• SUPPLIED MATERIAL:
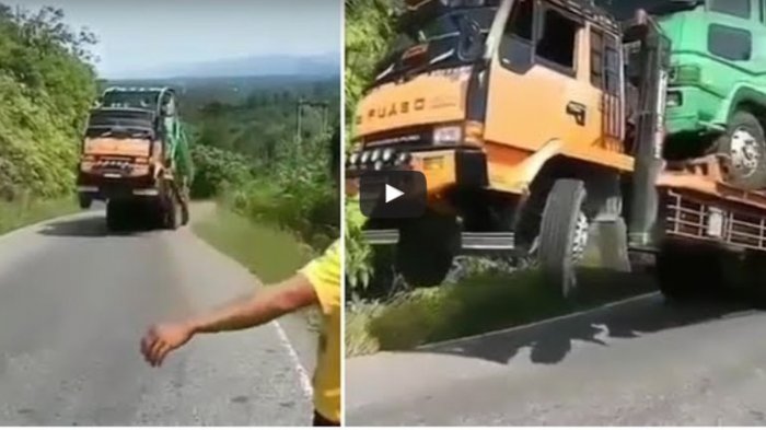 Hingga akhirnya saat kondisi jalan sudah rata dan normal, truk itu pun bisa kembali kepada posisi semula.
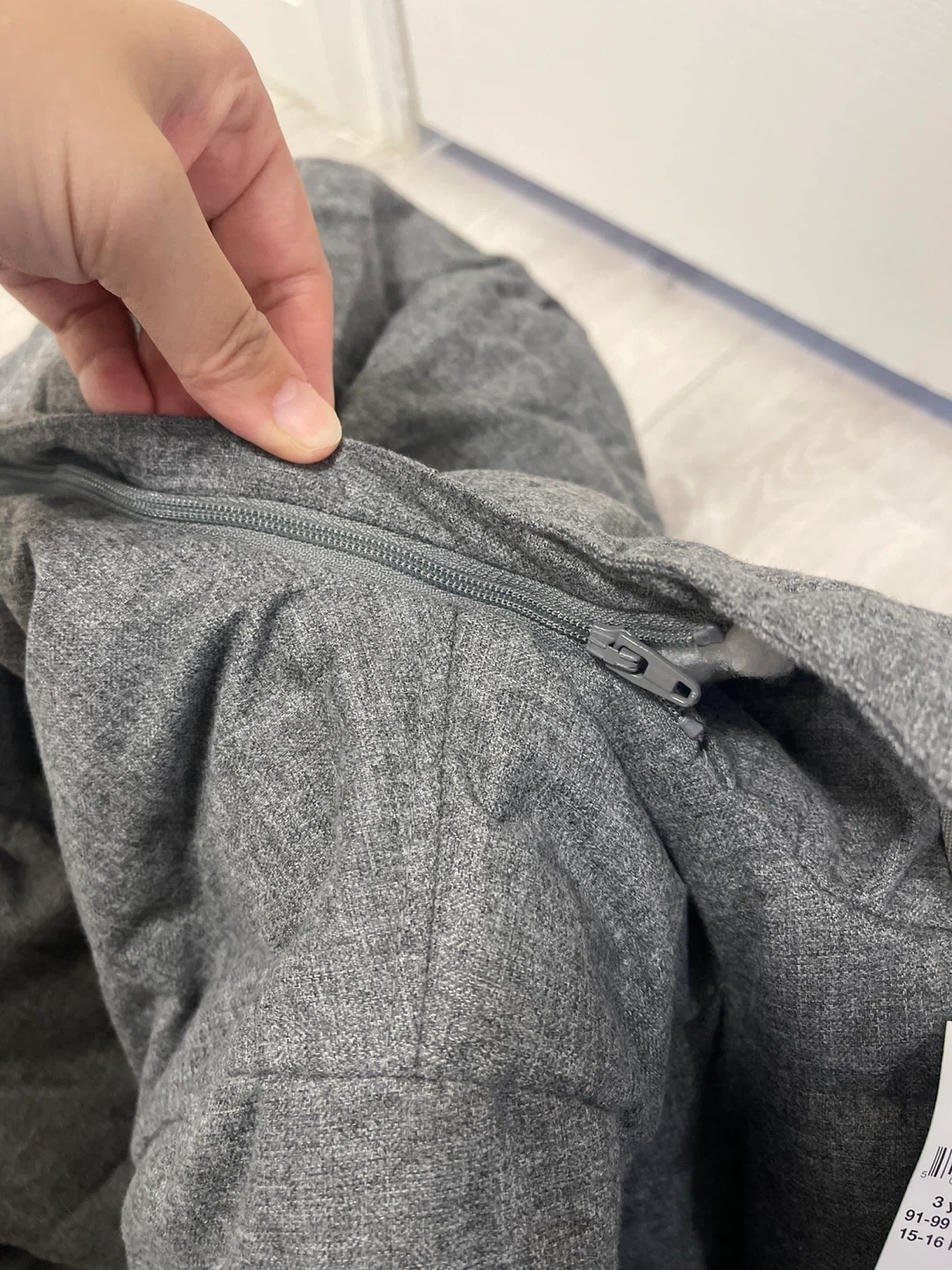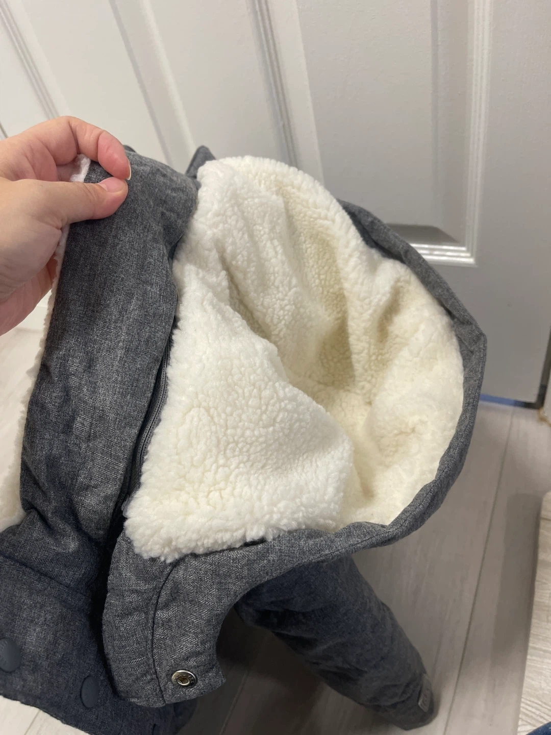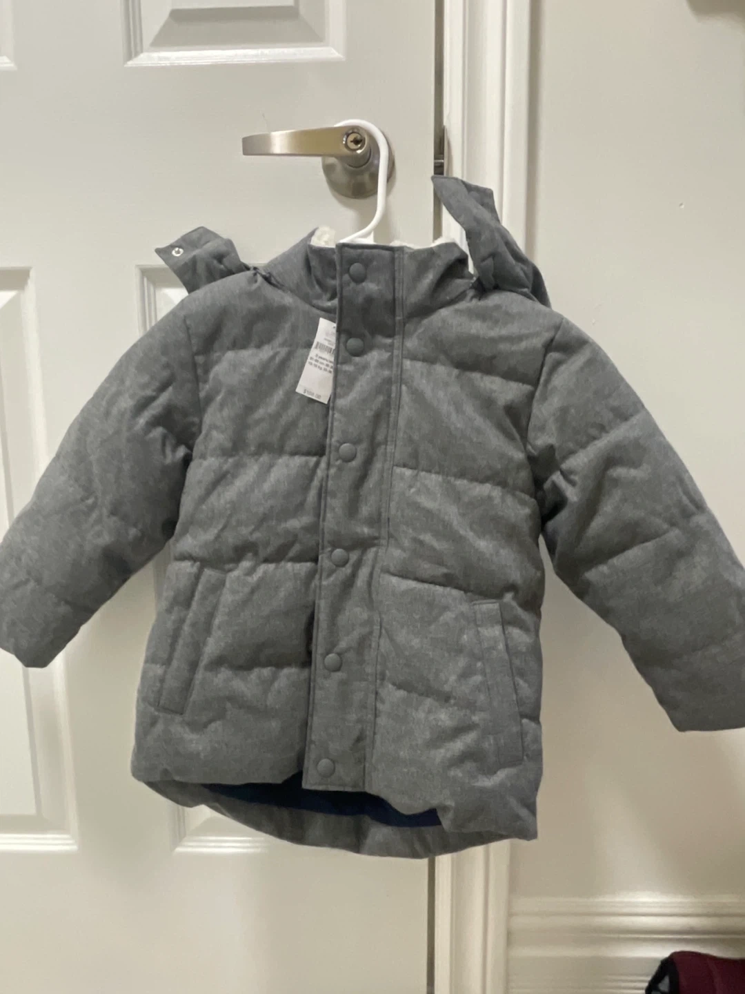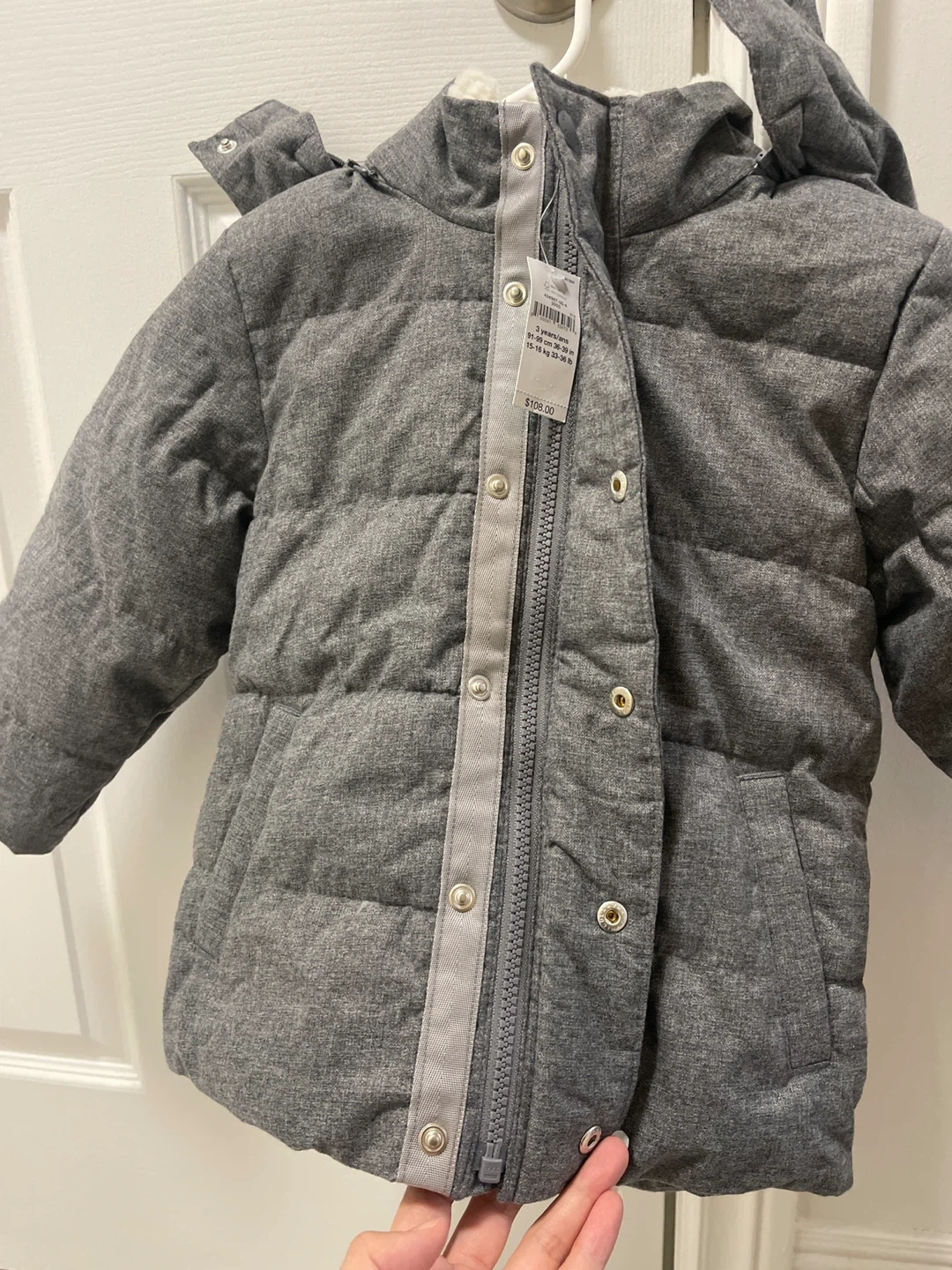 A cozy kids Gap puffer jacket for a 3-year-old! It's a stylish grey colour with a soft, sherpa-like lining to keep your little one warm.
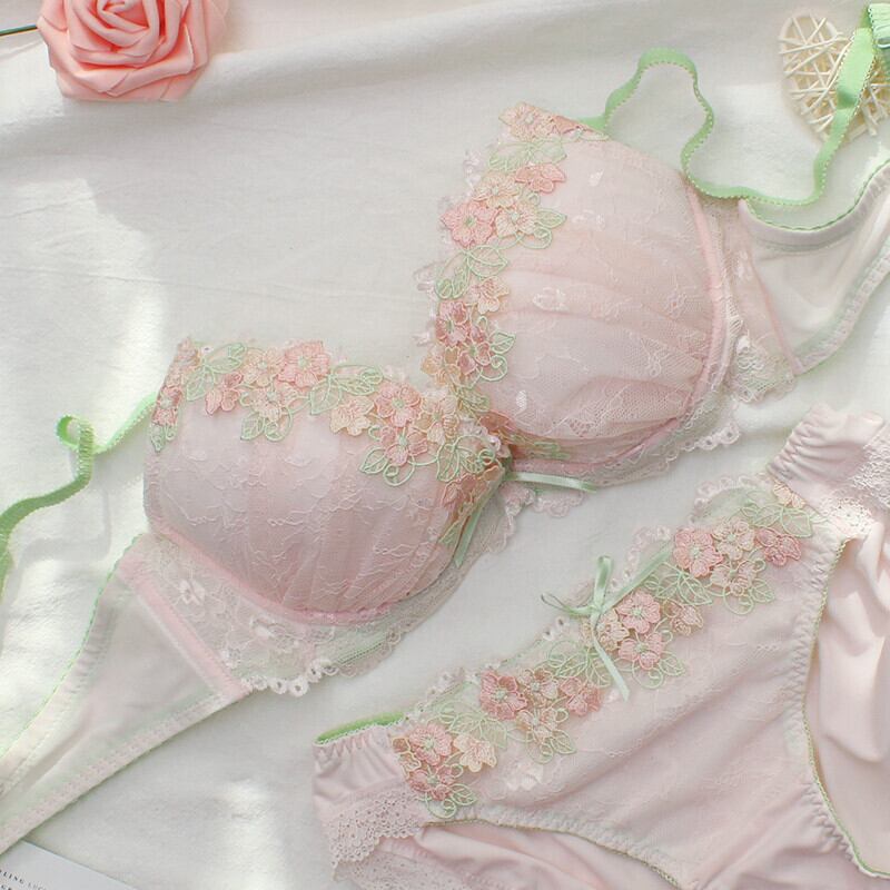 (B-Fカップ)高級感 セクシー 刺繍 花柄 ワイヤー入り ブラ&ショーツセット36456306

• WHAT THIS TASK INVOLVES:
What you output must match the data exactly, apart from the pictures, which are left out.

• FINAL ANSWER:
 Hingga akhirnya saat kondisi jalan sudah rata dan normal, truk itu pun bisa kembali kepada posisi semula.
 A cozy kids Gap puffer jacket for a 3-year-old! It's a stylish grey colour with a soft, sherpa-like lining to keep your little one warm.
 (B-Fカップ)高級感 セクシー 刺繍 花柄 ワイヤー入り ブラ&ショーツセット36456306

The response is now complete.